Task directions
Repeat exactly the line that contains "Capuche 3 pièces" and every line after it, down to the last line of the entries below. Do not include pictures.

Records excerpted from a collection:
-------------------------

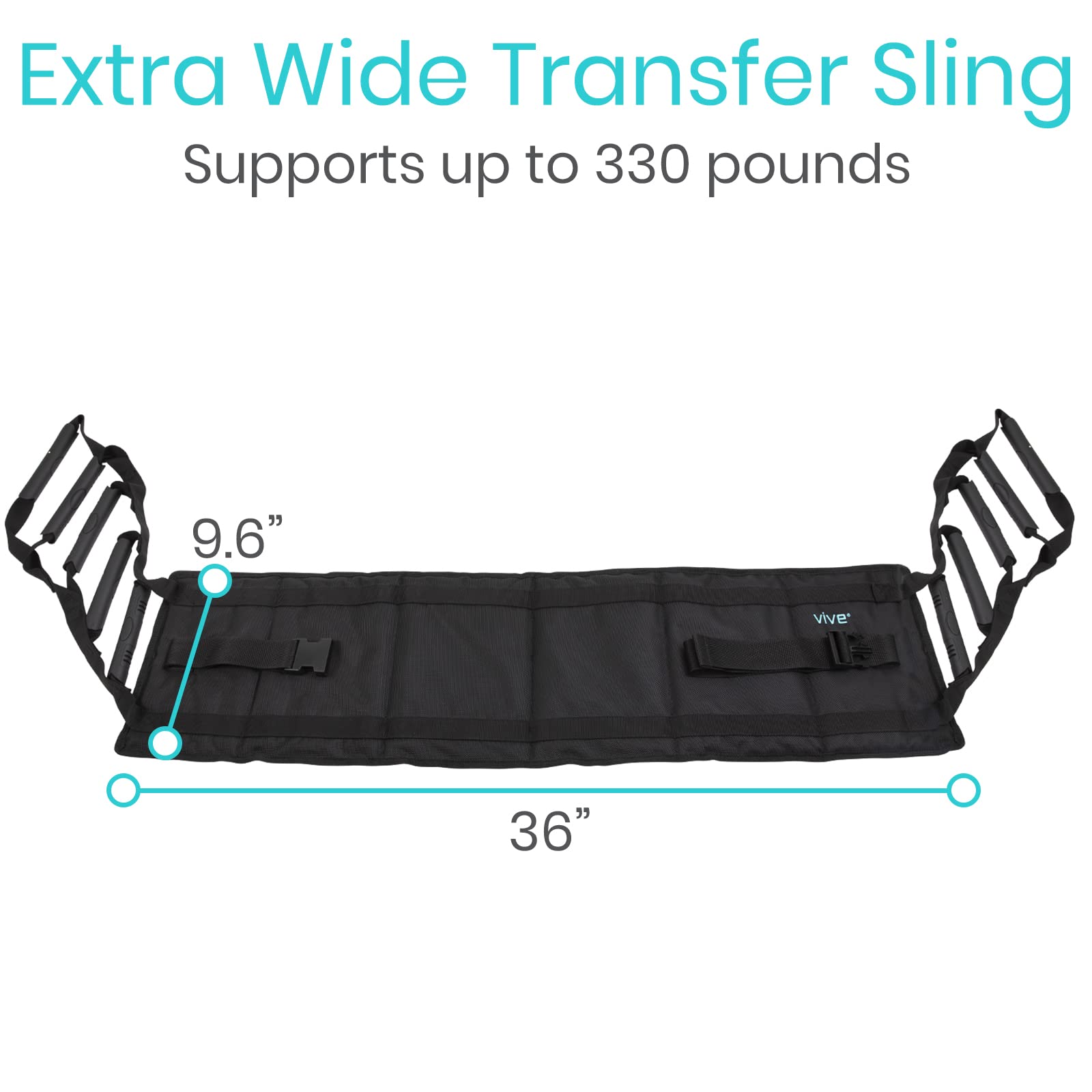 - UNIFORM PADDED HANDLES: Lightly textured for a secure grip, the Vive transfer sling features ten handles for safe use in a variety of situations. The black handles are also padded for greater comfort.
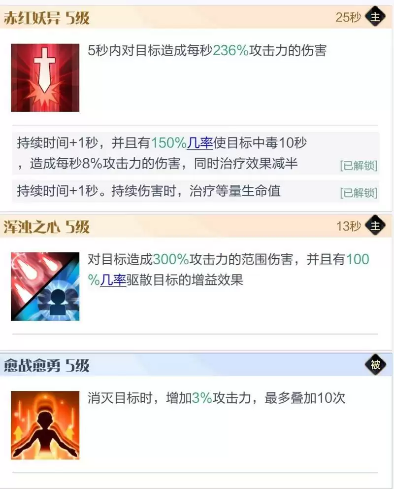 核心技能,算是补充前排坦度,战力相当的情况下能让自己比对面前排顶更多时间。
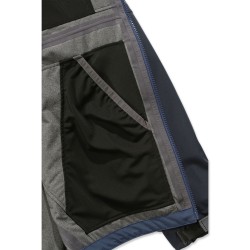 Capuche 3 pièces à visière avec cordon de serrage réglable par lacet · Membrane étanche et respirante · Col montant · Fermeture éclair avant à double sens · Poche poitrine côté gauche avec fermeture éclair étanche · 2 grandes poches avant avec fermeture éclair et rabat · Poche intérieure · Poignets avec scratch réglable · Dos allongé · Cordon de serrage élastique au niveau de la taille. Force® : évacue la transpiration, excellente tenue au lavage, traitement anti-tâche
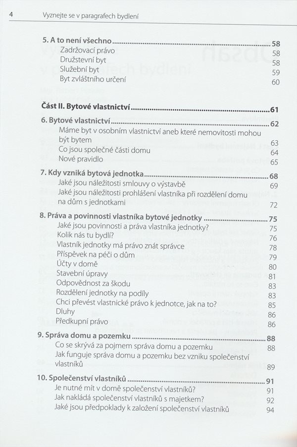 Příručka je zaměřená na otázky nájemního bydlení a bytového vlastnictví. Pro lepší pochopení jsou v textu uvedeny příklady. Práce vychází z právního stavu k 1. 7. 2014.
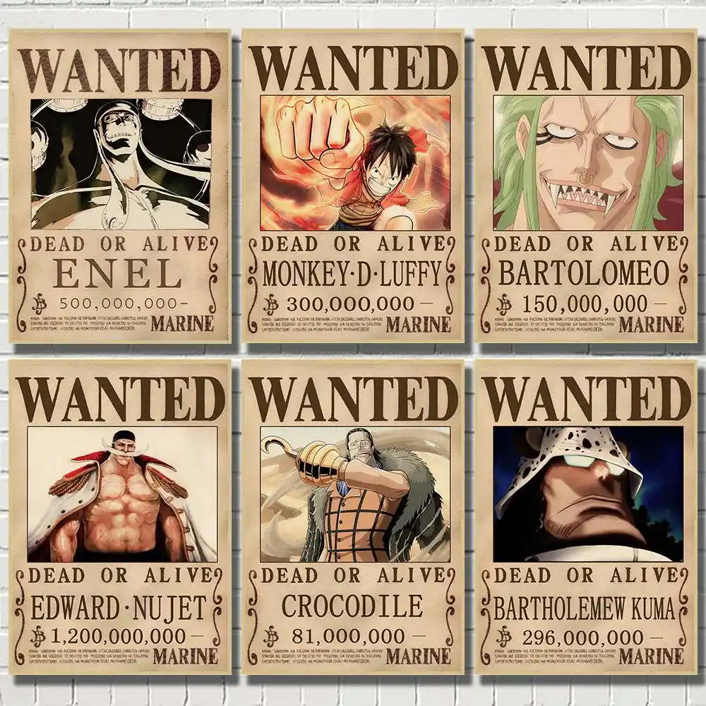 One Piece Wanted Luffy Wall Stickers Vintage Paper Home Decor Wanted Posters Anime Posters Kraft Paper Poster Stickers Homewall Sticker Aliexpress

-------------------------

Output of the task
 Capuche 3 pièces à visière avec cordon de serrage réglable par lacet · Membrane étanche et respirante · Col montant · Fermeture éclair avant à double sens · Poche poitrine côté gauche avec fermeture éclair étanche · 2 grandes poches avant avec fermeture éclair et rabat · Poche intérieure · Poignets avec scratch réglable · Dos allongé · Cordon de serrage élastique au niveau de la taille. Force® : évacue la transpiration, excellente tenue au lavage, traitement anti-tâche
 Příručka je zaměřená na otázky nájemního bydlení a bytového vlastnictví. Pro lepší pochopení jsou v textu uvedeny příklady. Práce vychází z právního stavu k 1. 7. 2014.
 One Piece Wanted Luffy Wall Stickers Vintage Paper Home Decor Wanted Posters Anime Posters Kraft Paper Poster Stickers Homewall Sticker Aliexpress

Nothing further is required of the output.